- Meeting abstract
- Open Access
Characterising the interaction between the COPII component SEC24C and the human serotonin transporter
© Koban and Sucic; licensee BioMed Central Ltd. 2011
- Published: 5 September 2011
- HeLa Cell
- Serotonin Transporter
- Monoamine Transporter
- Truncation Mutant
- Putative Interaction
The serotonin transporter (SERT) belongs to the SLC6 family of neurotransmitter transporters, which mediate reuptake of previously released neurotransmitters from the synapse. Mutation of C-terminus residues RI607–608 to alanine results in intracellular retention of SERT . We subsequently showed that SERT depends on the COPII component SEC24C for its ER export and proposed RI607–608 as a putative interaction site on SERT for SEC24 proteins . The aim of our current study is to characterise the nature of ER export of monoamine transporters.

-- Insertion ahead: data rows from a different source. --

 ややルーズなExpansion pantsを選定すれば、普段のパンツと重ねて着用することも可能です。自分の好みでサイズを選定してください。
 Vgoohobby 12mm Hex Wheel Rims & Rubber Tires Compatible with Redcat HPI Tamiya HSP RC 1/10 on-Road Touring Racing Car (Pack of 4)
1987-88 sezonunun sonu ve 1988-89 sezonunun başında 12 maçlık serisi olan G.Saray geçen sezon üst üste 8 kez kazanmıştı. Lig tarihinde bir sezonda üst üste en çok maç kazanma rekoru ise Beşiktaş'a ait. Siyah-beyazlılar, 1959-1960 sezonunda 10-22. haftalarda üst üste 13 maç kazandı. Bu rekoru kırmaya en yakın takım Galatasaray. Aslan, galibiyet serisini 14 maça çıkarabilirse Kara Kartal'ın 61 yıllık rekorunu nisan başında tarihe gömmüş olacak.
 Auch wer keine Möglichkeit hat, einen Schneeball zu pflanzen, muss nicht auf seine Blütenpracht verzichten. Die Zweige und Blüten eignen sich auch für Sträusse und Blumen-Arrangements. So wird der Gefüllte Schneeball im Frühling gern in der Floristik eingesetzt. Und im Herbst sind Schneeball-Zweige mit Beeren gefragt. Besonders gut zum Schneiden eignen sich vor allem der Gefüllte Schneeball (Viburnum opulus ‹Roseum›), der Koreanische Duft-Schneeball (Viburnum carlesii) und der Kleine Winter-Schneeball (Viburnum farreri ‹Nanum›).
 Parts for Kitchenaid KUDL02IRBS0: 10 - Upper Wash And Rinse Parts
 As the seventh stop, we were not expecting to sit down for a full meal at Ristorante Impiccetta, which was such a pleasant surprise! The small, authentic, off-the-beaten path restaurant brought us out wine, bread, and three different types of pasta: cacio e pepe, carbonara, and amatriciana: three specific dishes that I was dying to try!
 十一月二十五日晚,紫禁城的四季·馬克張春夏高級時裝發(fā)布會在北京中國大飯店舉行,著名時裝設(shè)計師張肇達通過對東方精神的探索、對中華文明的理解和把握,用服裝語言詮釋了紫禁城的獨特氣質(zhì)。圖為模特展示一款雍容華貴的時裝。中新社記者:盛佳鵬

Using siRNAs to knock down SEC24 isoforms A–D in HeLa cells, we screened a series of double and truncation mutants generated along the C-terminus of SERT. HeLa cells were transfected with Sec24 siRNAs and, after 48 h, with YFP-tagged transporter plasmids. Functional effects of SEC24A–D knockdowns were determined by substrate uptake assays.

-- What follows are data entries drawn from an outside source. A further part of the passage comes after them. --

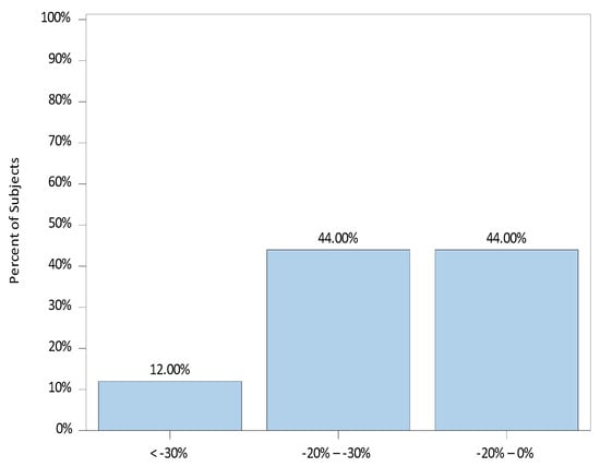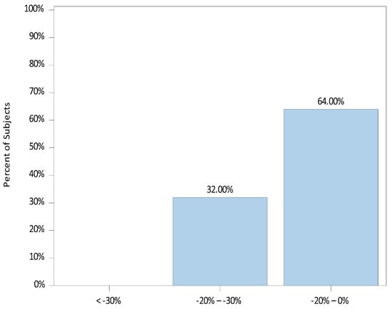 The median (range) percent change from baseline to the lowest MAP was −23.3 (−36.9, 0). There were 23 patients (92.0%) with a drop in MAP below their baseline, and 2 (8.0%) showed no drop. The distribution of percent changes from baseline to the lowest MAP is illustrated in Figure 1.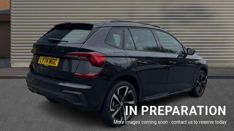 Advanced driver attention and drowsiness monitor, Bluetooth system, E-call, Front assist system, PAS, Rear parking sensors, Rear view camera, Service indicator, Speed limiter, Traffic sign recognition, Virtual cockpit with 10.25" display, Voice control system, Wireless smartlink, 4 USB C ports, 8 Speakers, 9.2" Skoda navigation display, DAB Digital radio, Auto dimming rear view mirror, Automatic headlight control with coming home and leaving home feature, Black door mirrors, Black radiator grille, Black rear diffuser, Black roof spoiler, Body colour bumpers, Body colour door handles, Boot lettering in black, Extended tailgate glass, Front and rear electric windows, Heated rear window, LED daytime running lights, LED high beam, LED low beam, LED third brake light, Light sensors, Monte carlo plaque, Panoramic sunroof with black roof rails, Privacy glass, Rear side wing doors, Rear wiper, Ticket holder inside windscreen, 12V socket in luggage compartment, 3 seat bench in 2nd row, Aluminium pedals, Ambient lighting in white/red, Art leather carbon decor inserts, Art leather carbon door inserts, Black roof lining, Cargo elements, Chrome inner door handles, Driver and passenger sun visors with vanity mirror, Dual zone climate control, Front and rear roof lights, Front centre armrest, Front head restraints, Glove compartment with illumination, Height adjustable driver seat, Height adjustable front passenger seat, Ice scraper, Inner circulation control with pollen filter, ISOFIX on front passenger seat, Isofix preparation for back seats, Leather gearknob and handbrake lever, Manual lumbar support for front seats, Monte Carlo cloth upholstery, Net package and top tether hooks in boot space, Net under rear shelf, Pocket on the back of both front seats include mobile phone pockets, Rake/reach adjustable steering wheel, Reading lights, Rear centre armrests, Red hotstamping, Single front passenger seat, Sports seats, Textile floor mats, Third rear headrest, Top tether for front passenger seat, Umbrella in driver's door, Light and view plus package - Kamiq, 3x3 point rear seatbelts, Airbags - driver and front passenger, Disc brakes, ESP, Extended and predictive pedestrian/cyclist protection, Front passenger airbag deactivation switch, Front side airbags with curtain airbags, Hill hold control, Manual leather parking brake, Manual rear child locks, One tone horn, Seatbelt reminder for driver an co-driver, Traction control, Tyre pressure monitor, Anti-theft alarm system with interior monitoring, backup horn, towing protection and remote central locking with SAFE system, Anti-theft wheel bolts, Electronic engine immobilizer, 18" Ursa black diamond cut alloy wheels,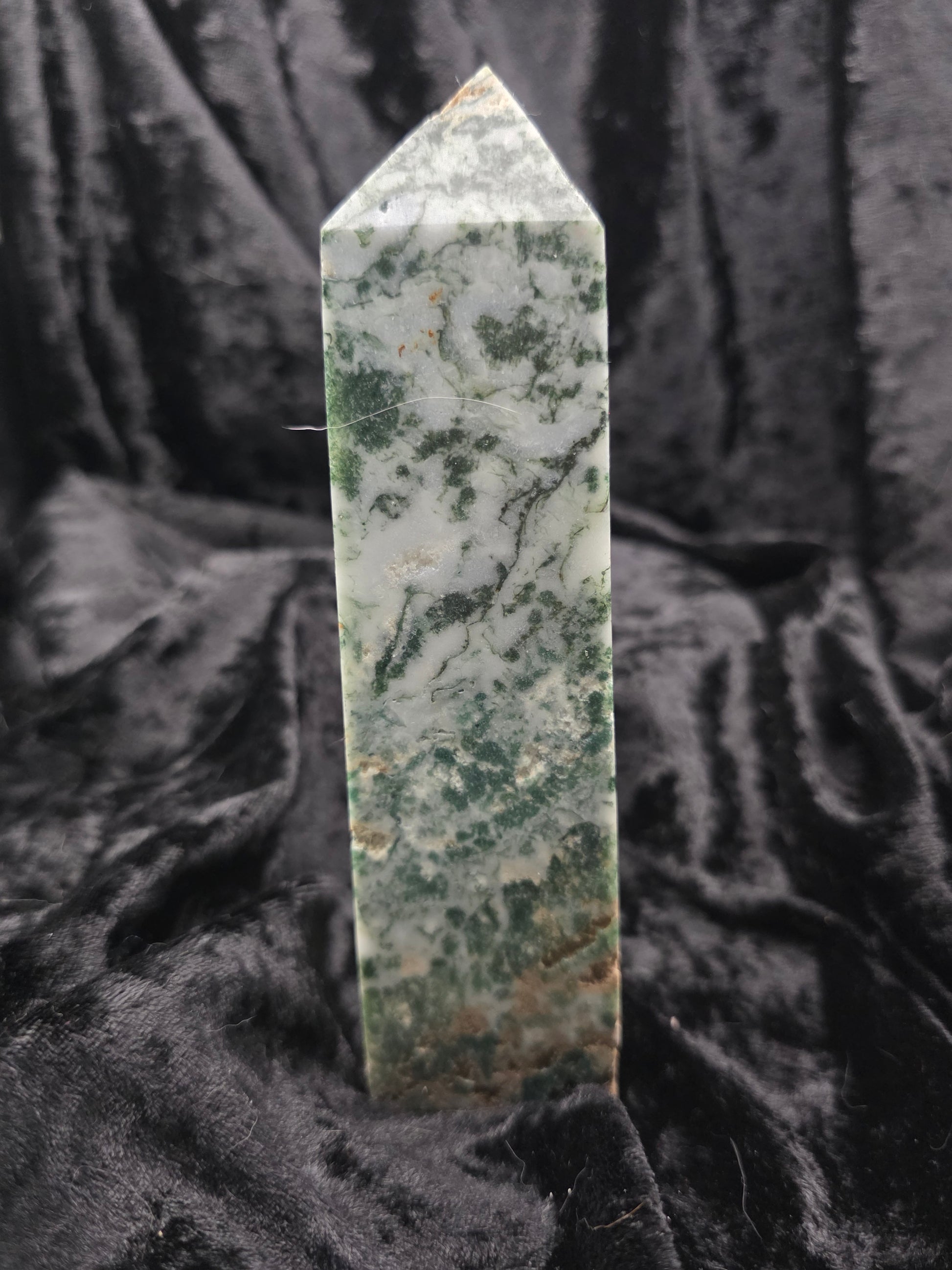 Mossy green patterns flow through this tower like forest vines. Moss Agate reminds you to grow steady and stay rooted in your truth.

Export of the IK(609,610)AA-SERT mutant was not sensitive to knockdown of Sec24C. Remarkably, the closely related transporters for dopamine (DAT) and noradrenaline (NET), rely on Sec24D, and not C, for their ER export . Accordingly, we replaced K610 by a tyrosine residue (Y) to switch the SERT export motif to a NET/DAT motif. The resulting K610Y-SERT mutant was more sensitive to the knockdown of SEC24D than of SEC24C. These observations predicted that SLC6 family members with a K-residue at the pertinent position ought to be clients of Sec24C. This prediction was verified by examining mGAT4.
The data imply that residue K610 and the equivalent residues in other transporters specify which SEC24 paralogue is recruited for ER export. These export signals work independently because a concatemer of SERT and GAT-1 is affected by depletion of both SEC24C and SEC24D.
This work was supported by SFB35.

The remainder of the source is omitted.